Diachronic Twitter Sentiment Analysis

Natasha Kamtekar | nak142 | 4/24/2020

A link to the project guestbook can be found here

Project Description

This project looks at Twitter data from the internet archive from 2011 and 2019 respectively. It compares and contrasts tweeting habits from both points in time such as content, lexical complexity, tweet length, and tweet sentiment.

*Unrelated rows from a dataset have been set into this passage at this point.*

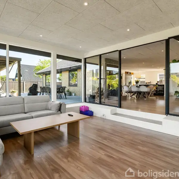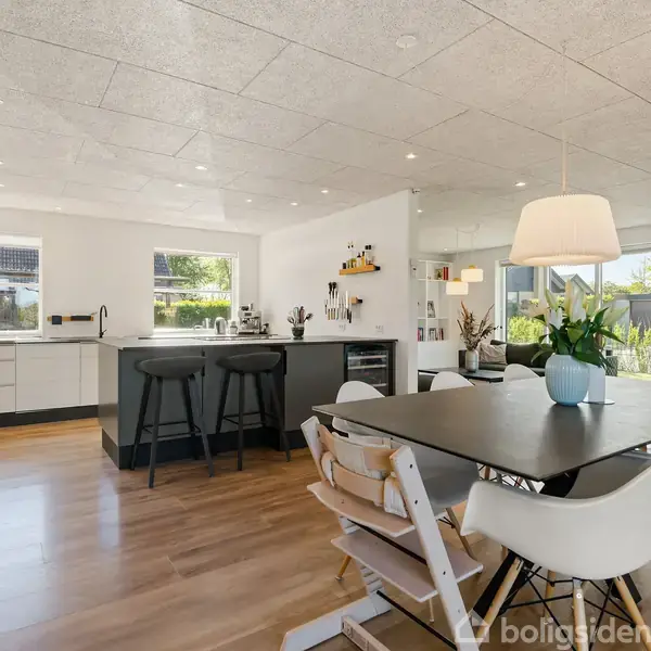 Villaens centrale samlingspunkt er det store, åbne køkken/alrum, som blev totalrenoveret i 2022 med moderne materialer og smagfulde løsninger. Her får familien optimale rammer til madlavning og samvær, og med gulvvarme under gulvet er komforten i top. Køkkenet ligger i åben forbindelse med både spiseområde og stue, hvilket skaber et naturligt flow gennem hjemmet.Udendørsarealet er et stort aktiv: en solrig, vestvendt have giver masser af lys og luft, og den overdækkede terrasse inviterer til ude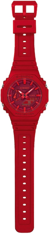 Перед вами релиз 2019 года в новом корпусе GA-2100 с безелем в форме октагона. Модель отличается среди других джишоков своей легкостью, компактностью и толщиной корпуса всего в 11.8 мм! Это стало возможным благодаря технологии Carbon Core Guard: модуль часов защищает легкий и сверх-прочный полиуретановый корпус с углеродным армированием, а циферблат покрыт закаленным минеральным стеклом. Часы выполнены в яркой полностью красной расцветке, что несколько сказывается на ее эргономике, но создает узнаваемый сверх стильный внешний вид. Еще одна особенность часов — обновленное крепление ремешка, теперь его смена займет у вас всего несколько секунд.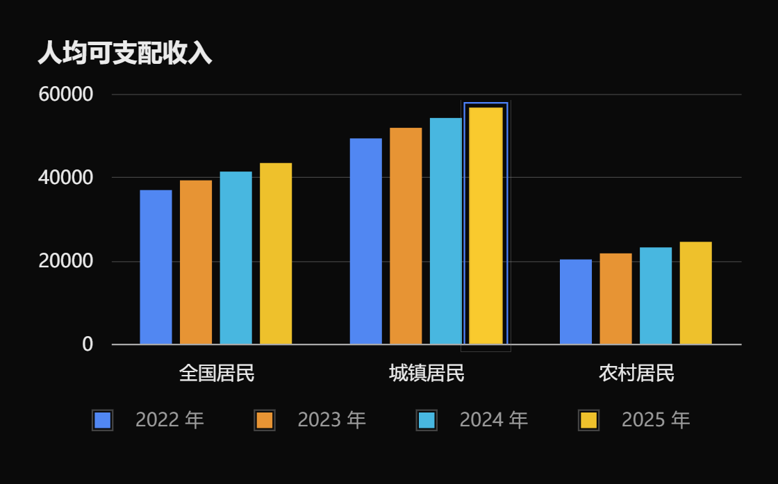 公式目標は2035年までに現代化をほぼ達成し、一人当たりGDPは中等発展国水準に到達、これに伴う一人当たり所得は約2.3万~3.5万ドル。2025年の全国住民一人当たり可処分所得43,377元と比較すると、中長期的な向上余地は非常に大きい。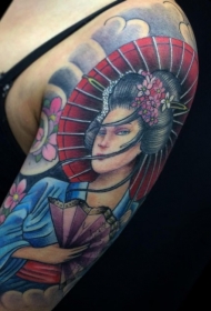 带雨伞的亚洲艺妓彩色大臂纹身图案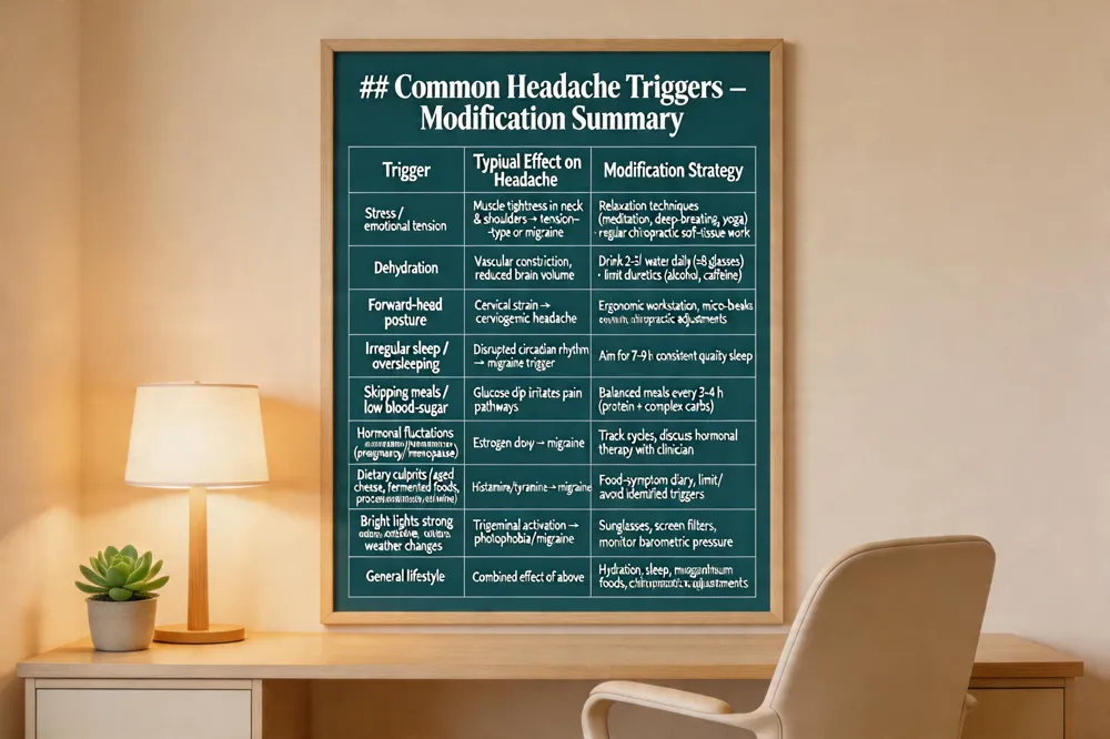 Understanding the most common headache triggers—stress, dehydration, irregular meals, poor sleep, caffeine swings, hormonal shifts, bright lights, strong odors, weather changes, alcohol, and posture—lets you take steps toward relief. Simple habits such as hydration, meals every 3‑4 hours, consistent 7‑9 hours of sleep, moderate caffeine, stress‑reduction practices (meditation, yoga, deep‑breathing), avoiding trigger foods, and maintaining ergonomic posture can lower attack frequency. Chiropractic care complements these measures by correcting spinal misalignments, easing neck‑muscle tension, improving blood flow, and restoring nervous‑system balance. Schedule an initial assessment, keep a headache diary, and work with a chiropractor to tailor a prevention plan that fits your lifestyle.

How is popular content of either era percieved or talked about?
Have tweets become a medium for displaying more complex sentiment than they used to be?
How does this complexity relate to overall sentiment?

Project Data

The main data used in this project came from a sample of the 2011 and 2019 internet archive JSON files, where the top 1% of tweets were scraped from October of 2011 and September of 2019. There was also a classifier built for the sentiment analysis portion of the analysis which used the open source data from Sentiment140, a pre-existing algorithm for sentiment analysis. The data used in the project can be found here, the classifier data can be found on the Sentiment140 website linked above.

Important documents
Folders
- Data sample
  - 2011 dataset
  - 2019 dataset
- Notebooks
  - build_classifier: build the classifier for sentiment analysis.
  - data_parsing: strips the tweet data to necessary columns
  - data_analysis and classifyanalysis: different stages of the analysis process
  - finalnb: the final jupyter notebook
- Images:
  - Contains images of all plots

About

Analyzing how twitter's user base has changed the way they discuss things over the years.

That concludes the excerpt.